(Activity) As output, give the exact lines from the one containing "Tekirdağ'da ağzında domuz" through the end of the listing below, both included, without the pictures.

#####

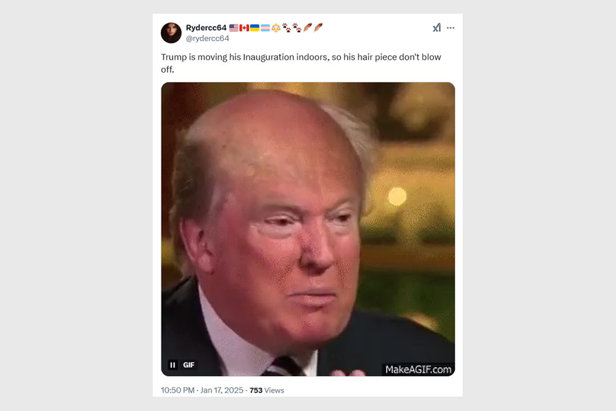 One witty reaction claimed Trump moved his inauguration indoors to protect his hairpiece from blowing away “Trump is moving his Inauguration indoors, so his hair piece don't blow off” read the post.
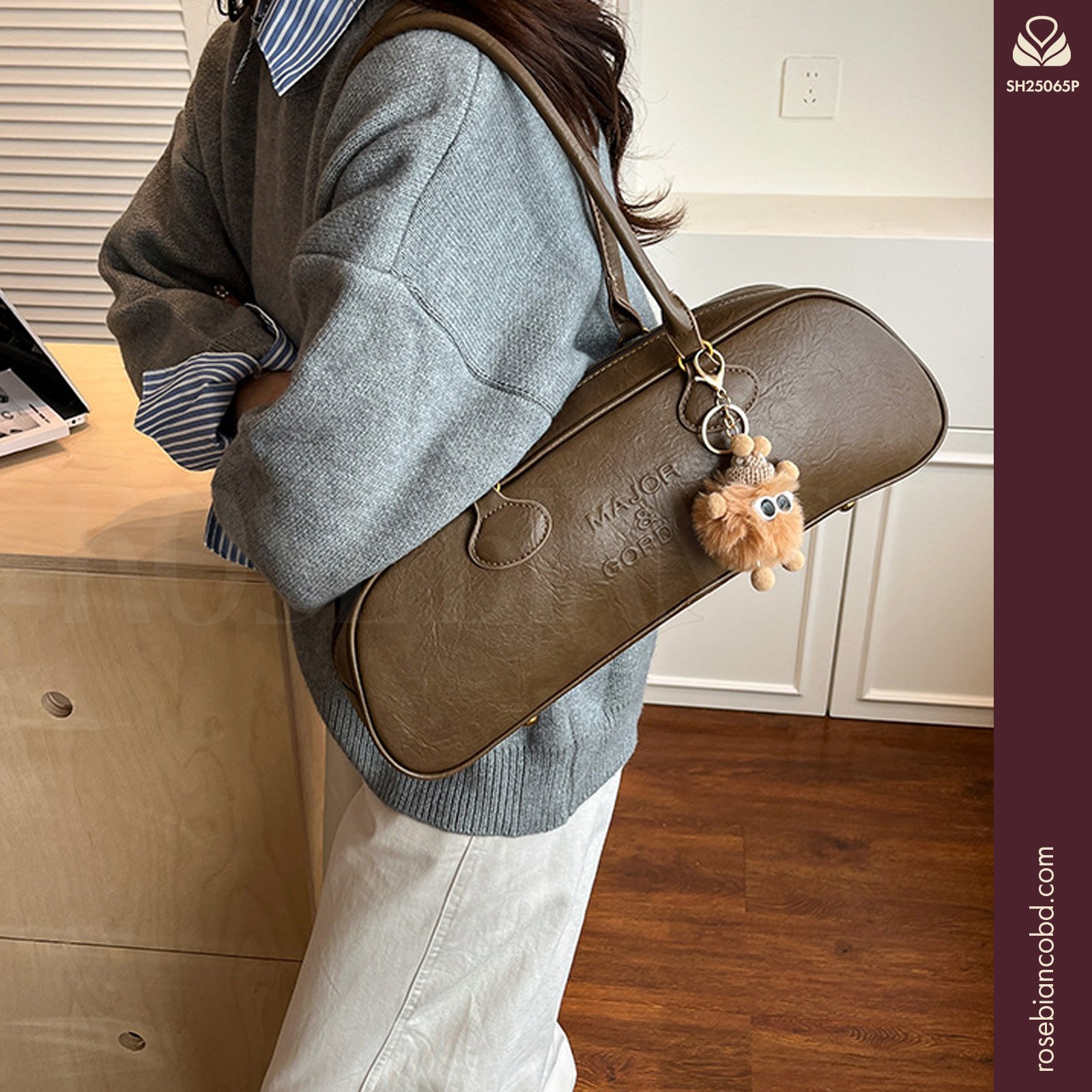 - Design: Horizontal square shape styled as a trendy underarm bag.
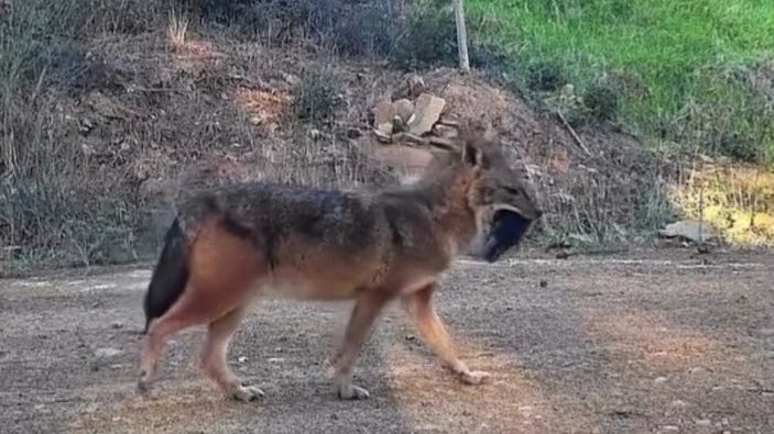 Tekirdağ'da ağzında domuz bacağı taşıyan çakal görüntülendi
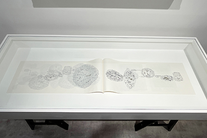 | 福本浩子:《Book of BabelーSutra》 京都の仏教書店で福本が見つけた般若心経の文字を、線香で丁寧に消して(燃やして)います。この作品は「言葉のない本」であり、物と情報の関係性を探求しています。 |
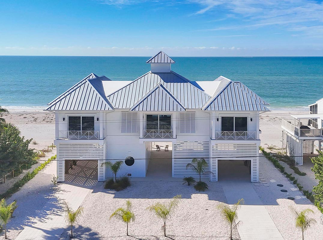 The exterior is equally impressive, featuring a welcoming foyer entry, low-maintenance composite trim and decking, Hardie board siding, hurricane-rated impact windows and doors with Turtle Glass, an elevator and a 3+ car carport with golf cart parking along with additional outdoor living space steps from the beach. With beachfront living on the Gulf, boating access from your backyard, no rental restrictions and every detail meticulously executed, this remarkable home offers the very best of island living on Florida’s Best Coast.
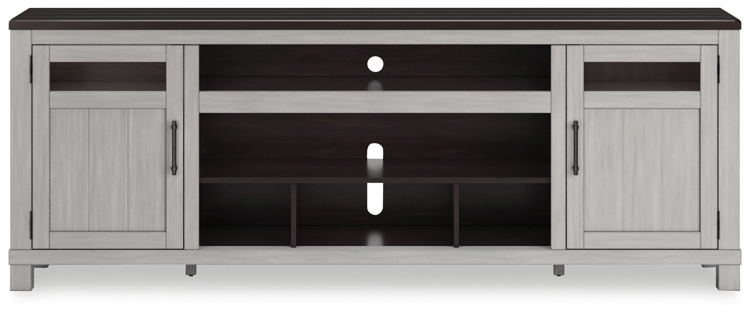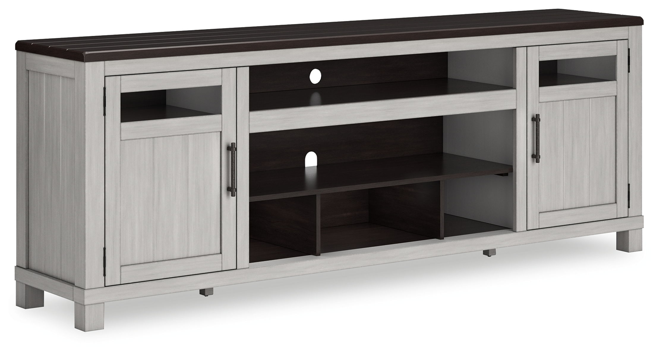 Make a farmhouse-inspired statement with this TV stand. It’s beautifully crafted to stand the test of time, with a planked effect and clean two-tone finish that lend a relaxing vintage feel. With two cabinets (each with an adjustable shelf) and an open cubby, it offers plenty of storage to house all of your electronic needs. Enhancing the experience: the optional fireplace insert (sold separately) brings a touch of warmth and beautiful ambiance to your living room.

#####

(Response to this exercise)
 Tekirdağ'da ağzında domuz bacağı taşıyan çakal görüntülendi
 | 福本浩子:《Book of BabelーSutra》 京都の仏教書店で福本が見つけた般若心経の文字を、線香で丁寧に消して(燃やして)います。この作品は「言葉のない本」であり、物と情報の関係性を探求しています。 |
 The exterior is equally impressive, featuring a welcoming foyer entry, low-maintenance composite trim and decking, Hardie board siding, hurricane-rated impact windows and doors with Turtle Glass, an elevator and a 3+ car carport with golf cart parking along with additional outdoor living space steps from the beach. With beachfront living on the Gulf, boating access from your backyard, no rental restrictions and every detail meticulously executed, this remarkable home offers the very best of island living on Florida’s Best Coast.
 Make a farmhouse-inspired statement with this TV stand. It’s beautifully crafted to stand the test of time, with a planked effect and clean two-tone finish that lend a relaxing vintage feel. With two cabinets (each with an adjustable shelf) and an open cubby, it offers plenty of storage to house all of your electronic needs. Enhancing the experience: the optional fireplace insert (sold separately) brings a touch of warmth and beautiful ambiance to your living room.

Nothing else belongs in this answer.